+++ INPUT FOR THIS TASK +++

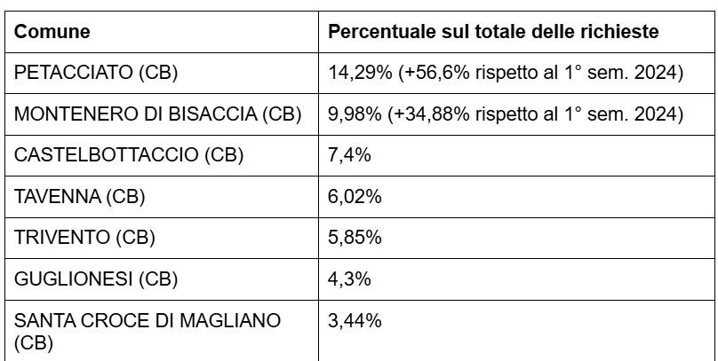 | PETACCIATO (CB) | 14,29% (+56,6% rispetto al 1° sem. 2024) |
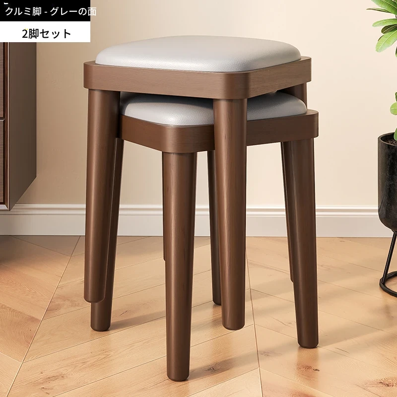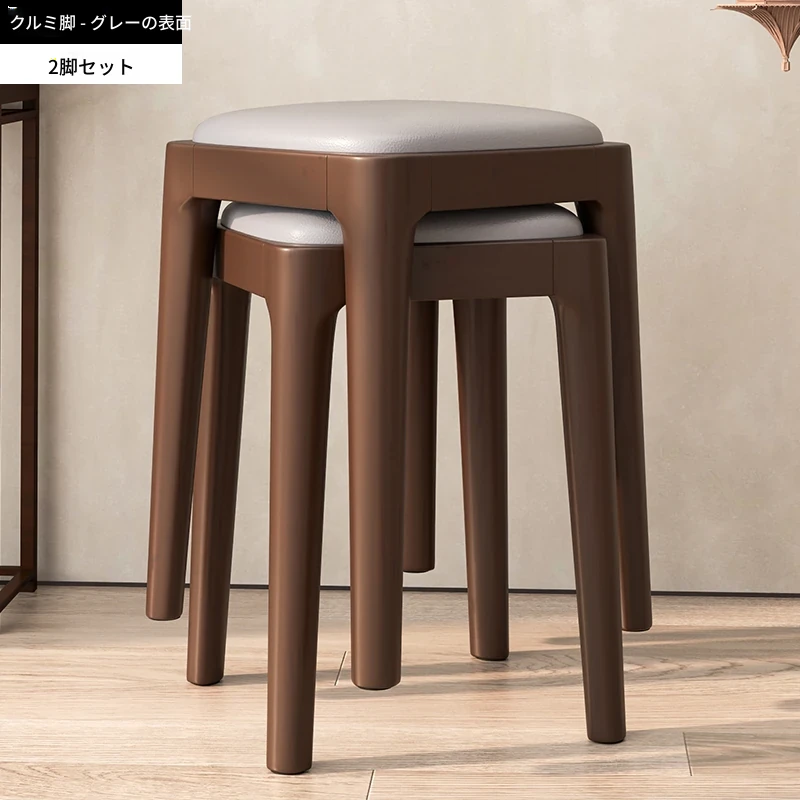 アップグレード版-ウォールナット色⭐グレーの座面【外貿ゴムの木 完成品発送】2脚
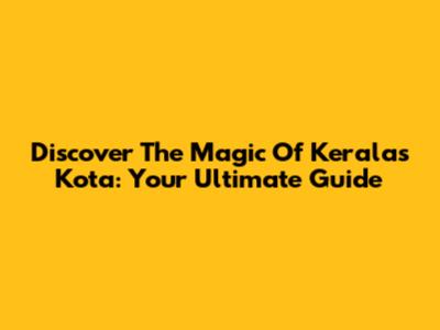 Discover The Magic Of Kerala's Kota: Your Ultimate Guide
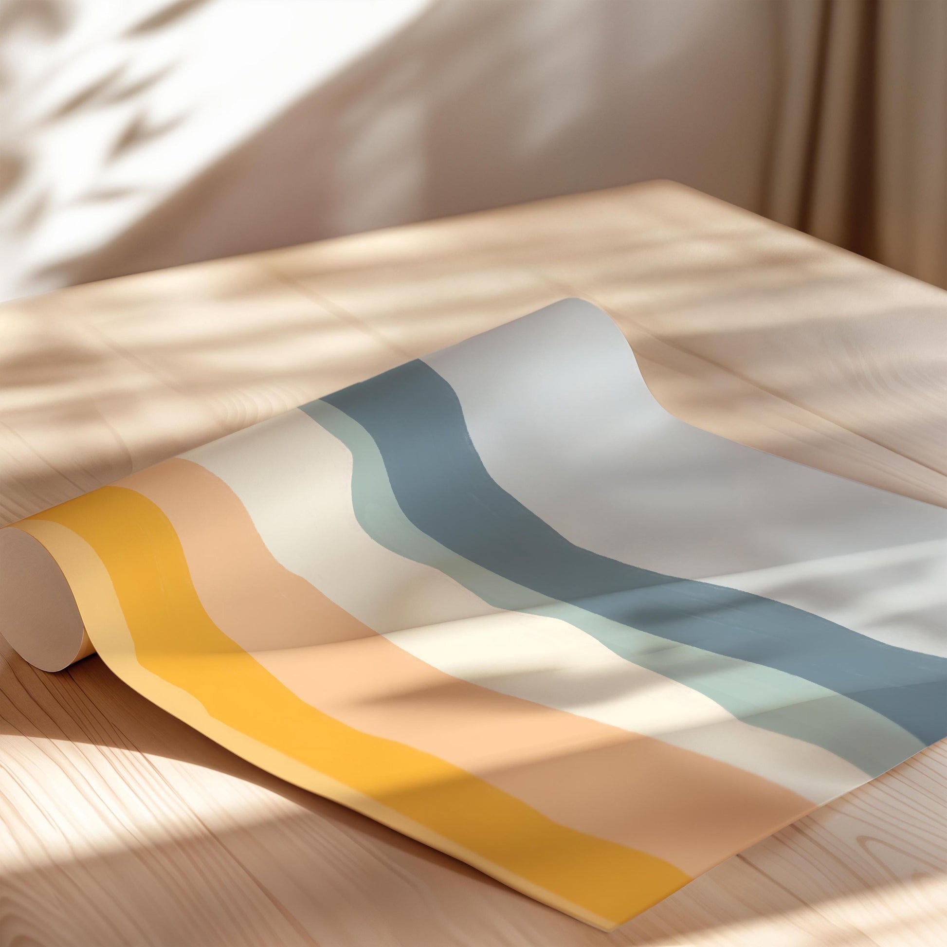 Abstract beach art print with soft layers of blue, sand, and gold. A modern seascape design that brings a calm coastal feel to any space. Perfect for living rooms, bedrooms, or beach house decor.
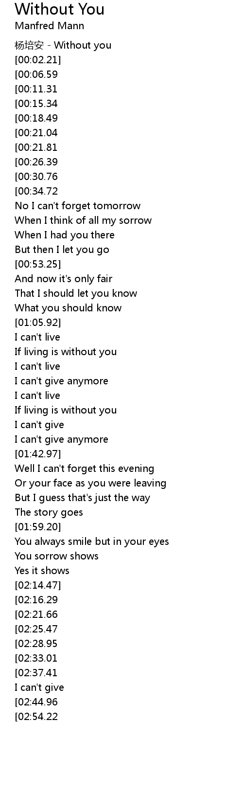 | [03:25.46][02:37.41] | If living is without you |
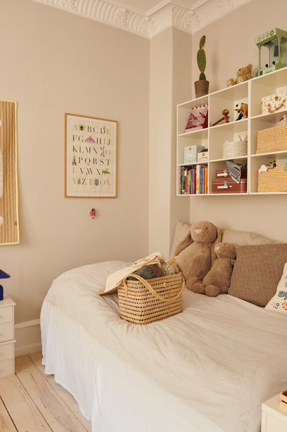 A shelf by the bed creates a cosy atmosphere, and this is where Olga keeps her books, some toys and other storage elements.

+++

The answer should consist only of the lines from the one with "Discover The Magic" through the last line of the material above, copied exactly, with no pictures.

 Discover The Magic Of Kerala's Kota: Your Ultimate Guide
 Abstract beach art print with soft layers of blue, sand, and gold. A modern seascape design that brings a calm coastal feel to any space. Perfect for living rooms, bedrooms, or beach house decor.
 | [03:25.46][02:37.41] | If living is without you |
 A shelf by the bed creates a cosy atmosphere, and this is where Olga keeps her books, some toys and other storage elements.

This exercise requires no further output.